• [What is being asked] After finding the line that holds "Τρίτο | | | |" below, set down that line and the rest through the final one exactly, leaving the pictures out.
::::::
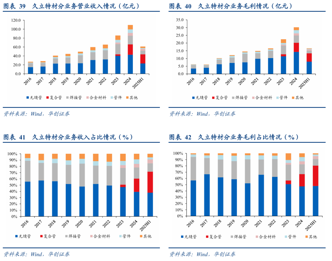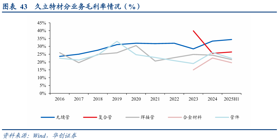 分业务看毛利:2025H1,公司无缝管、复合管、焊接管、合金材料以及管件业务的毛利分别为8.0、5.4、1.8、0.7、0.4亿元,同比分别为 27.8%、 246.1%、-26.0%、-9.2%、-52.2%。2025H1,公司无缝管、复合管分别贡献了约48%、33%的毛利来源,两者合计毛利占比达到81%。
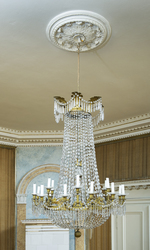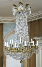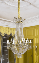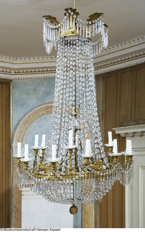 Korblüster bestehend aus vergoldetem Metallgestell mit reichem Behang. Mittelstange mit 3 Reifen. Von dem unteren, mit vegetabiler Ornamentik geschmückten Reif gehen 12 gebogte blattverzierte Leuchterarme ab, während nach oben hin weitere 6 Leuchterarme aufrecht ansetzen. Zwischen die gebogten Arme sind Rosetten gesetzt, zwischen die oberen Arme durchbrochen gearbeitete Darstellungen einer auf einem Wagen fahrenden Figur (Helios mit dem Sonnenwagen ?). Die Kerzentüllen der oberen Leuchterarme auf einer flachen, gedrungenen Säule mit seitlichen Voluten aufsetzend. Der Reif ist über 6 gebogte, an einer Scheibe ansetzenden Stäbe mit dem Mittelstab verbunden. Dieser schließt nach unten in einer Blattrosette und einem blattverzierten kugeligen Knauf ab. Über der Scheibe ein bauchiges Glaselement, das durch einen Bronzereif mit 6 Blattakroteren abgeschlossen wird. Oberer Abschluss des Lüsters in einem weiteren Bronzereif, von dem 6 Palmettenakrotere abgehen. Behang aus Lüsterketten mit ovalen und runden Steinen sowie Eisbirnel.
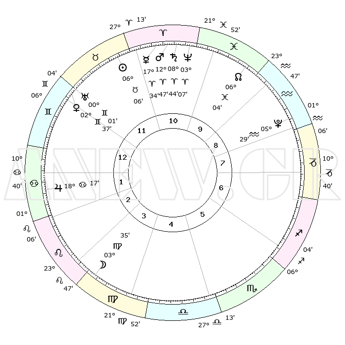 | | ΘΕΣΕΙΣ ΠΛΑΝΗΤΩΝ ΑΣΤΡΟΛΟΓΙΚΟΥ ΧΑΡΤΗ ΤΗΣ ΣΤΙΓΜΗΣ ΑΥΤΗΣ | | | | Πλανήτης | Ζώδιο | Μοίρες | Δεκαήμ. | Σε οίκο | Απόκλιση | | Ακμές των οίκων | | Ηλιος | Ταύρος | 06°03' | Πρώτο | 11 | 13 N 32 | | 1ος | 21°42' | Δίδυμοι | | Σελήνη | Παρθένος | 02°49' | Πρώτο | 4 | 10 N 50 | | 2ος | 13°10' | Καρκίνος | | Ερμής | Κριός | 17°28' | Δεύτερο | 11 | 04 N 41 | | 3ος | 04°33' | Λέων | | Αφροδίτη | Δίδυμοι | 02°33' | Πρώτο | 12 | 21 N 20 | | 4ος | 29°37' | Λέων | | Αρης | Κριός | 12°45' | Δεύτερο | 11 | 04 N 11 | | 5ος | 02°07' | Ζυγός | | Δίας | Καρκίνος | 18°17' | Δεύτερο | 2 | 22 N 34 | | 6ος | 12°25' | Σκορπιός | | Κρόνος | Κριός | 08°43' | Πρώτο | 11 | 01 N 28 | | 7ος | 21°42' | Τοξότης | | Ουρανός | Δίδυμοι | 00°01' | Πρώτο | 12 | 19 N 59 | | 8ος | 13°10' | Αιγόκερως | | Ποσειδώνας | Κριός | 03°07' | Πρώτο | 11 | 00 N 02 | | 9ος | 04°33' | Υδροχόος | | Πλούτωνας | Υδροχόος | 05°29' | Πρώτο | 9 | 22 S 48 | | 10ος | 29°37' | Υδροχόος | | Β. Δεσμός | Ιχθείς | 06°04' | Πρώτο | 10 | 09 S 17 | | 11ος | 02°07' | Κριός | | Ωροσκόπος | Δίδυμοι | 21°42' | Τρίτο | | | 12ος | 12°25' | Ταύρος | | Μεσουράνημα | Υδροχόος | 29°37' | Τρίτο | | | |
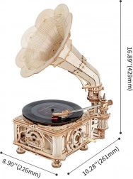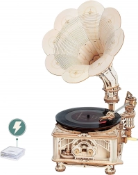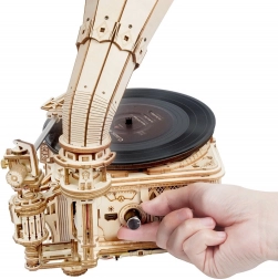 Pachetul include materialul pentru asamblarea modelului și un disc de vinil cu trei melodii pentru o experiență completă.
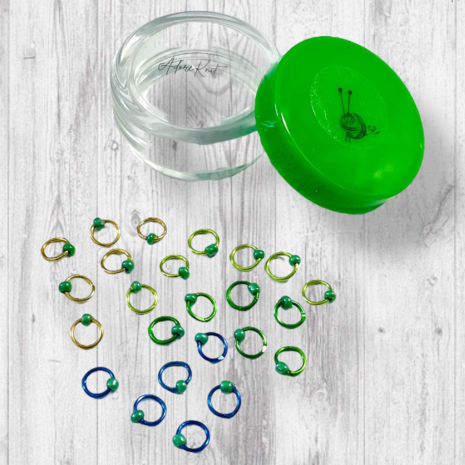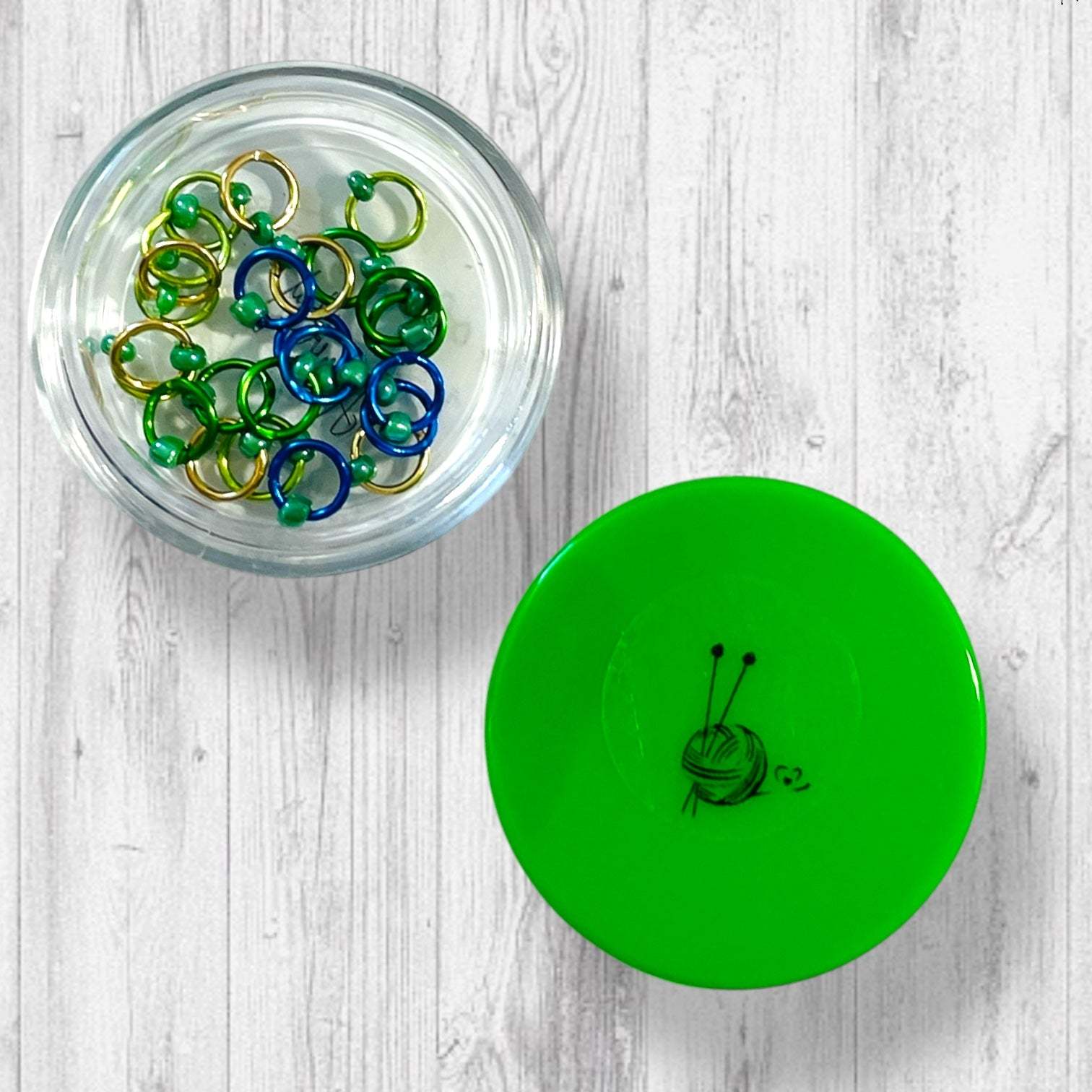 Sock Knitter's Companion Tiny Stitch Markers with Marker Container Green with Lustrous Green
::::::
• [Task answer]
 | | ΘΕΣΕΙΣ ΠΛΑΝΗΤΩΝ ΑΣΤΡΟΛΟΓΙΚΟΥ ΧΑΡΤΗ ΤΗΣ ΣΤΙΓΜΗΣ ΑΥΤΗΣ | | | | Πλανήτης | Ζώδιο | Μοίρες | Δεκαήμ. | Σε οίκο | Απόκλιση | | Ακμές των οίκων | | Ηλιος | Ταύρος | 06°03' | Πρώτο | 11 | 13 N 32 | | 1ος | 21°42' | Δίδυμοι | | Σελήνη | Παρθένος | 02°49' | Πρώτο | 4 | 10 N 50 | | 2ος | 13°10' | Καρκίνος | | Ερμής | Κριός | 17°28' | Δεύτερο | 11 | 04 N 41 | | 3ος | 04°33' | Λέων | | Αφροδίτη | Δίδυμοι | 02°33' | Πρώτο | 12 | 21 N 20 | | 4ος | 29°37' | Λέων | | Αρης | Κριός | 12°45' | Δεύτερο | 11 | 04 N 11 | | 5ος | 02°07' | Ζυγός | | Δίας | Καρκίνος | 18°17' | Δεύτερο | 2 | 22 N 34 | | 6ος | 12°25' | Σκορπιός | | Κρόνος | Κριός | 08°43' | Πρώτο | 11 | 01 N 28 | | 7ος | 21°42' | Τοξότης | | Ουρανός | Δίδυμοι | 00°01' | Πρώτο | 12 | 19 N 59 | | 8ος | 13°10' | Αιγόκερως | | Ποσειδώνας | Κριός | 03°07' | Πρώτο | 11 | 00 N 02 | | 9ος | 04°33' | Υδροχόος | | Πλούτωνας | Υδροχόος | 05°29' | Πρώτο | 9 | 22 S 48 | | 10ος | 29°37' | Υδροχόος | | Β. Δεσμός | Ιχθείς | 06°04' | Πρώτο | 10 | 09 S 17 | | 11ος | 02°07' | Κριός | | Ωροσκόπος | Δίδυμοι | 21°42' | Τρίτο | | | 12ος | 12°25' | Ταύρος | | Μεσουράνημα | Υδροχόος | 29°37' | Τρίτο | | | |
 Pachetul include materialul pentru asamblarea modelului și un disc de vinil cu trei melodii pentru o experiență completă.
 Sock Knitter's Companion Tiny Stitch Markers with Marker Container Green with Lustrous Green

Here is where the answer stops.